In Sardegna si contano un migliaio di coltellinai, e quelli più conosciuti hanno richieste da svariati Paesi del Mondo, con liste d’attesa di mesi. Il valore di ciascun pezzo può avere oscillazioni di prezzo legate alla fama del coltellinaio, e ai materiali utilizzati: l’oro, l’argento o l’ottone.

Coltelli Sardi Artigianali

La geografia del coltello sardo.

Un cammino ideale nella storia del coltello sardo non può che iniziare dalla resolza, originaria di Pattada: una lama che riflette la storia del mondo agropastorale sardo. Si tratta di un coltello a serramanico, con un’impugnatura composta da due strisce (guancette) di corno caprino maschio, saldamente unite da ribattini (piccoli chiodi) che incorporano s’arcu, l’archetto in metallo che rende l’impugnatura particolarmente solida.

Anche detta pattadesa, era un oggetto immancabile nella bisaccia del pastore, che ne possedeva due o tre diverse a seconda della funzione: lavorare il formaggio, macellare il bestiame e così via.

La còrrina, per alcuni l’antenata della pattadesa, è un coltello più rustico, con lama fissa a foglia d’ulivo, incassata in un corno di montone o di capra. La lama veniva infilata in un pezzo di sughero per evitare di ferirsi quando la si riponeva in tasca.

Altro coltello che rientra nella categoria della resolza pattadesa è la lussurzesa, un coltello a serramanico di Santu Lussurgiu (in provincia di Oristano).

Coltello Sardo

Muovendosi verso i boschi di sughere della Gallura, possiamo trovare la lametta gallurese detta lurisinca, ossia “donna di Luras” (un paese vicino a Tempio Pausania). La si usava per la lavorazione del sughero: ha la punta tronca e il manico leggero realizzato in legno di fico. La lama è affilata solo da un lato, e quando si consumava, veniva riciclata e utilizzata per fare altri coltelli, soprattutto da cucina.
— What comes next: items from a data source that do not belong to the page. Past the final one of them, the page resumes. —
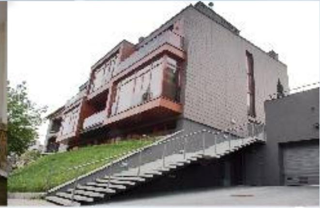
In 2005, 9 terrace houses were built in Kuosu street, Antakalnis district, Vilnius.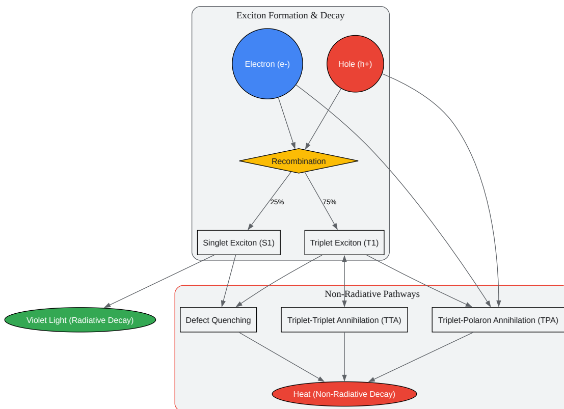
Figure 2: Key Non-Radiative Recombination Pathways in Violet OLEDs

Click to download full resolution via product page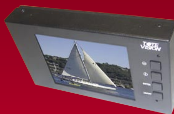
LCD-641V In Metal Case (Bulk Special Order Only)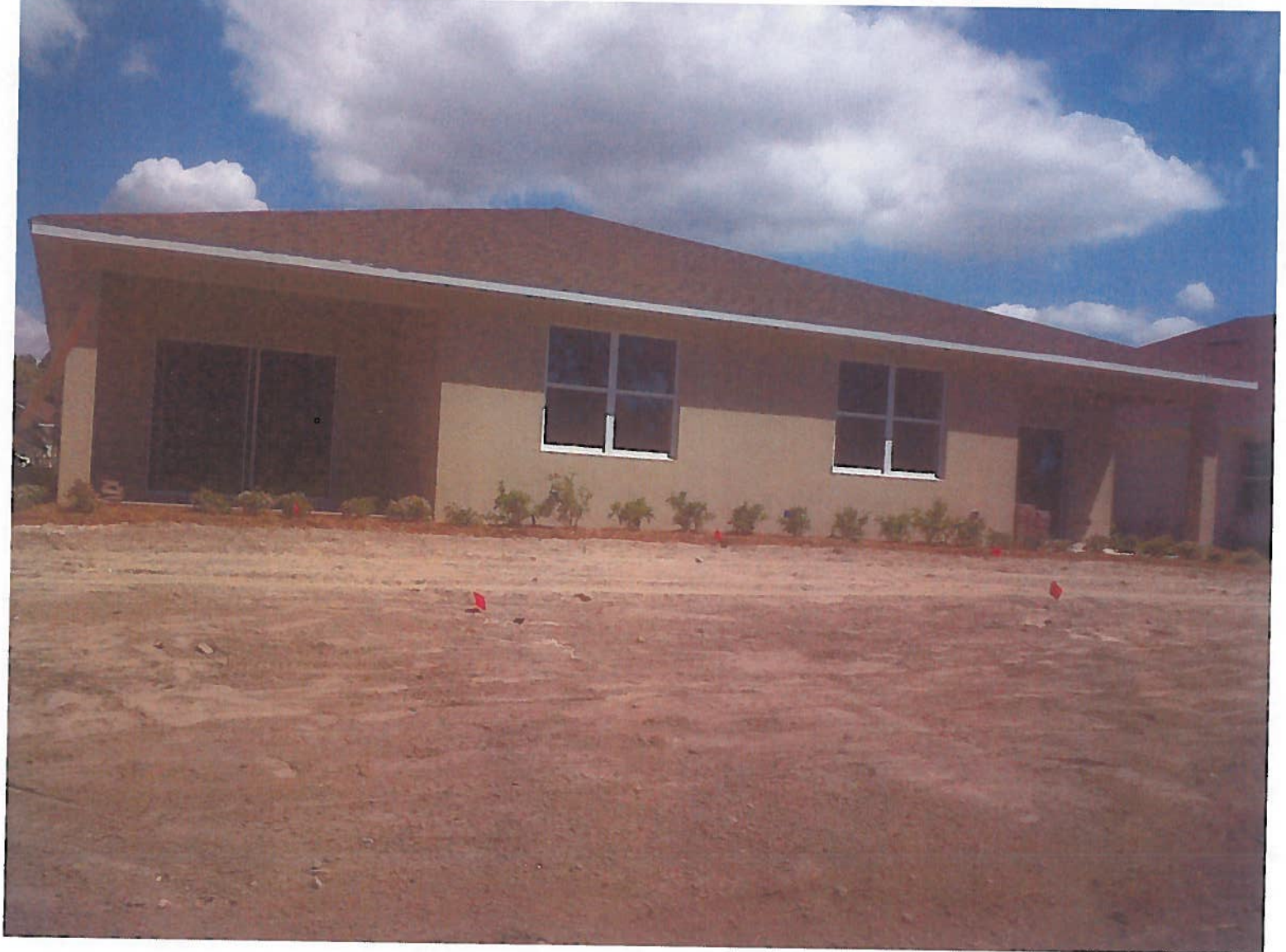
REAR PICTURE (3/19/10)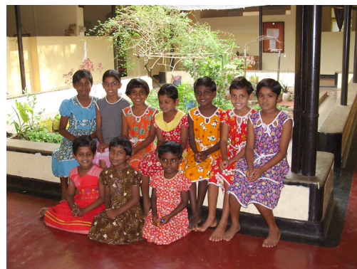
Children from the Viharamahadevi Orphanage.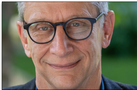
David Finkel , author of An American Dreamer .

3. A positive classroom. At your discretion, please alert me to anything related to preferred pronouns, preferred name or nickname, or any extenuating circumstances or trigger warnings (personal, medical, etc.) that might impact your classroom experience. I want to make sure you have the most positive experience in the classroom as possible. If work that gets shown in this class, professional or student-generated, offends you in anyway, please mention it in class or talk to us privately about it so that we can all learn from each other. This is not to say we will ever restrict freedom of speech or water down an aggressive or edgy idea, but we want to discuss anything that someone deems troublesome or offensive.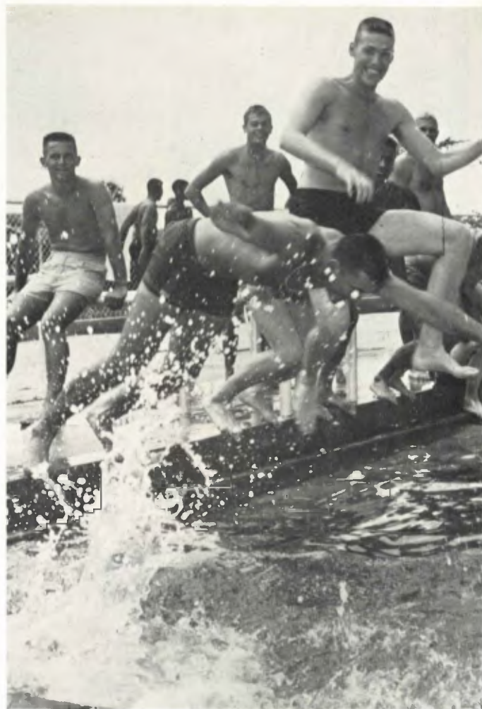
Summer camp also offers the cadets an opportunity to relax.

Nothing could have been more frightening than going through the Base gates and reporting to the cadet office for the first time. . . . To insure maximum enjoyment for everyone, morning inspections began immediately and the usual spit and polish brilliance and measured 45 degree corners on the beds seldom met with complete approval. . . . No one ever figured out why a bunch of air force cadets had to march, and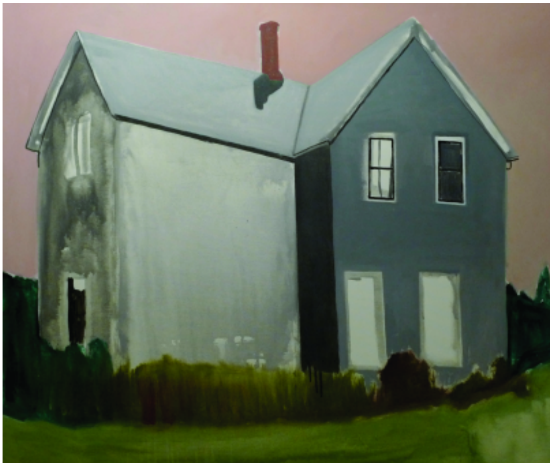
South 626 Four Rod Rd., Oct. 1974 (first rendition), 2009, Acrylic on canvas, 48 x 40 inches

Woven into simple visual narratives using words and pictures from a laundry list of sources, these works are often injected with the absurd and surreal, heavily influenced by graphic design work I do by day and comic books I have read voraciously throughout the years. With directed paint drips, written and then obscured notations, cartoon bubbles, viscera, muted voices, and incomplete thoughts, I make assumptions. With an infusion of nostalgia, confusion, and longing, I extrapolate a story from morsels of truth—so that it might become something else entirely.

Spostandosi verso il Sud Ovest dell’isola, fra Cagliari e Oristano arriviamo nel mondo delle miniere.

L’arburesa ( realizzata ad Arbus, uno dei centri minerari più importanti), è il coltello locale, a serramanico con la lama panciuta, a foglia larga, utilizzato soprattutto per cacciare e scuoiare animali. Ha l’impugnatura sagomata e una forma arcuata che segue il filo della lama.

Artigianato Sardo Coltelli

A distanza di pochi chilometri troviamo Guspini, regno della guspinesa, il coltello dei minatori. Due i modelli, entrambi a serramanico: uno con la lama panciuta (a foglia di mirto) e manico ricurvo; uno a spatola, con lama tronca e profilo del manico squadrato.

Questo ultimo modello fu ideato per aggirare un decreto del 1908, attraverso il quale il presidente del consiglio Giovanni Giolitti vietava di portare coltelli appuntiti e con lama superiore ai quattro centimetri, allo scopo di limitare i fatti di sangue, allora numerosi nella regione.